Here’s how it works: Medics and other personnel would be able to use the modified syringe to inject specially coated, pellet-sized sponges directly into wounds. Not only could it rapidly stop bleeding, but it would also spare wounded soldiers additional pain by eliminating the need to repeatedly pack wounds.

Interestingly enough, the invention was born from battlefield experience and some inspiration from another commonly used item: Fix-a-Flat, the foam that you can use to repair tires instantly.

“That’s what we pictured as the perfect solution: something you could spray in, it would expand, and bleeding stops,” Steinbaugh told PopSci. “But we found that blood pressure is so high, blood would wash the foam right out.”

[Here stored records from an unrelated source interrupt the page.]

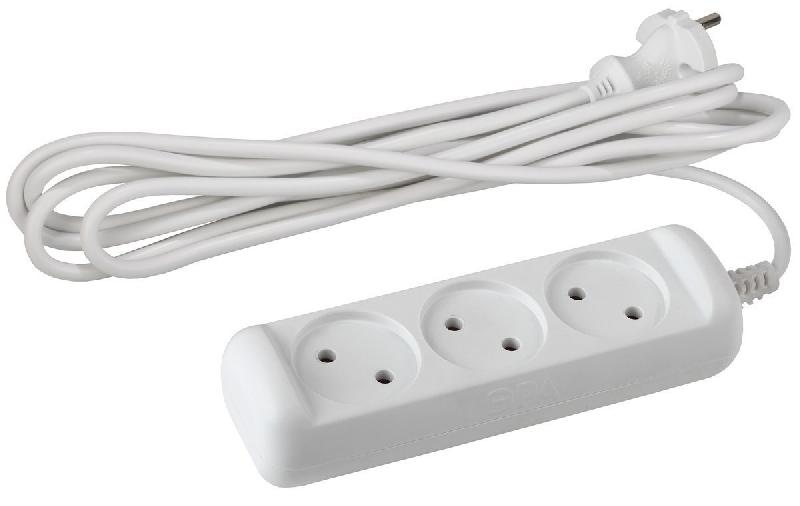 Удлинитель ЭРА U-3-5m 3-местный без з/к, 5м, ПВС 2х1мм2, 10А/2200Вт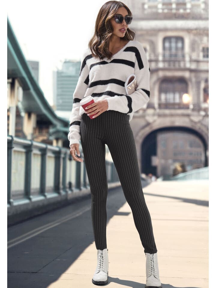 С тонкими полосками: леггинсы до щиколотки от Lascana. Узкий пояс. Два задних кармана. Благодаря эластичному материалу сидит как вторая кожа.
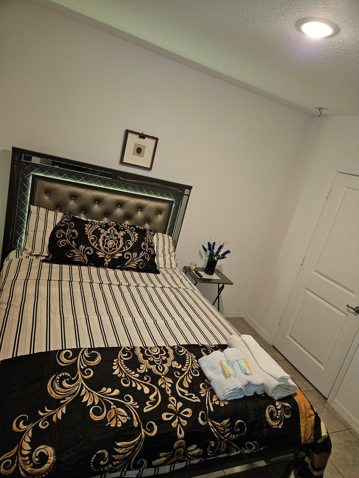 Only 20 min from the beach and 7 min away from Clover Park (home of the NY Mets), this 1-bedroom suite with a full kitchen offers all appliances and tableware you'll need. Security cameras on the exterior give peace of mind, while contactless check-in and keyless entry provide convenience. Climate and lights with Alexa, enjoy a Dream Cloud queen bed, closet, large dresser, desk, and 60-inch TV. Kitchen has a TV as well. Fresh towels and toiletries are provided, as well as high speed Wi-Fi.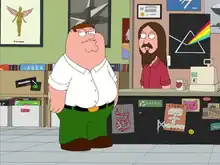 ![]() Peter with Jesus Christ at a record store with posters for Nirvana's In Utero, R.E.M.'s Automatic for the People and Pink Floyd's The Dark Side of the Moon in the background | |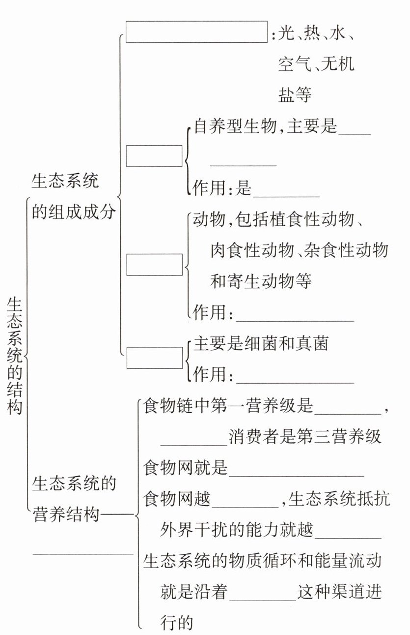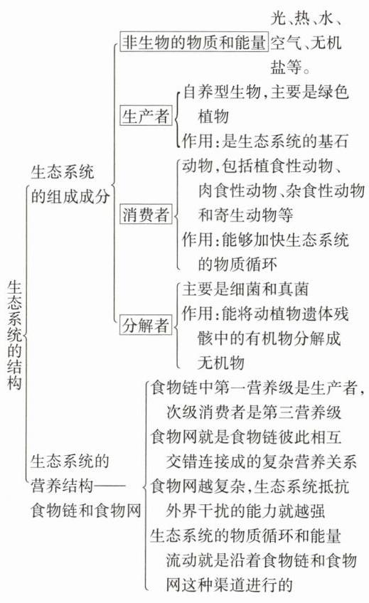 (1) 生态系统的结构只包括食物链和食物网。( )

So the team substituted small foam pellet/sponges.

As reported by PopSci:

They bought some ordinary sponges from a hardware store and cut them into 1-centimeter circles, a size and shape they chose on a whim but later would discover were ideal for filling wounds. Then, they injected the bits of sponge into an animal injury. “The bleeding stopped,” says Steinbaugh. “Our eyes lit up. We knew we were onto something.” After seeing early prototypes, the U.S. Army gave the team $5 million to develop a finished product.

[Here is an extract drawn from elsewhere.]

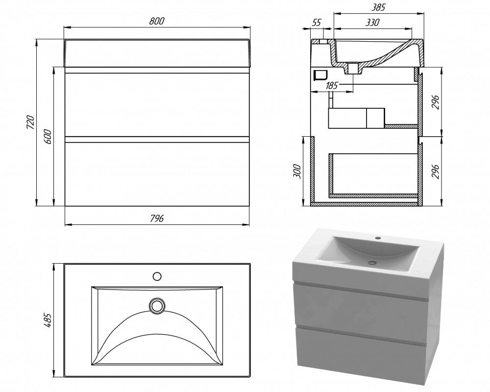 Розміри тумби (ш*г*в): 800х485х720 мм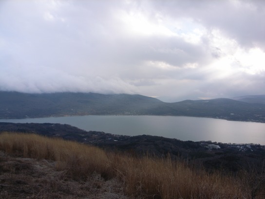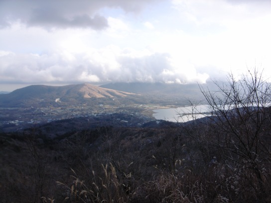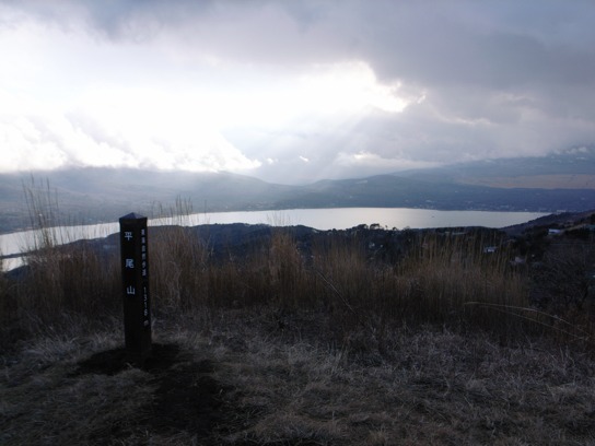 既に午後2時30分を過ぎており、2〜3組のハイカーとすれ違っただけで殆ど人と会うことはなかった.平尾山の頂上に着く頃には日射しは殆どなくなり時折雪がちらついていた.山中湖を眼下に眺めながら尾根沿いの緩やかな道を大平山へ向かう.TVの送信所があるあたりが大平山の頂上なのだろう.緩やかな斜面は木が殆どなくパラグライダーの練習に向いていそうだった.大平山の頂上からの眺めも素晴らしく山中湖や富士山が一望できるのだが、やはり富士山は雲の中だった.どうも富士山とは相性が悪いようだ.今度完全に晴れ上がったときにでももう一度来てみようと思う.

Seals in seconds, not minutes

Now, as you might imagine, kitchen sponges aren’t a good thing to inject into the body. Any material that would be injected would have to meet a couple of criteria: It would need to be sterile, of course, biocompatible with the body and fast-expanding, the research team knew. So they settled on a special sponge made from wood pulp and coated with a special substance called chitosan, which is a blood-clotting, antimicrobial coating that is derived from shrimp shells. And to ensure that no sponges would be left in the body once soldiers made it to surgery, they were tagged with X-shaped markers that ensure that each sponge is visible on an X-ray.

During testing, the team discovered that the little sponges worked very quickly – within 15 seconds – to seal wounds. In that amount of time, they are capable of expanding to fill the entire wound cavity and, as a result, create enough pressure to stop heavy bleeding.

“By the time you even put a bandage over the wound, the bleeding has already stopped,” said Steinbaugh.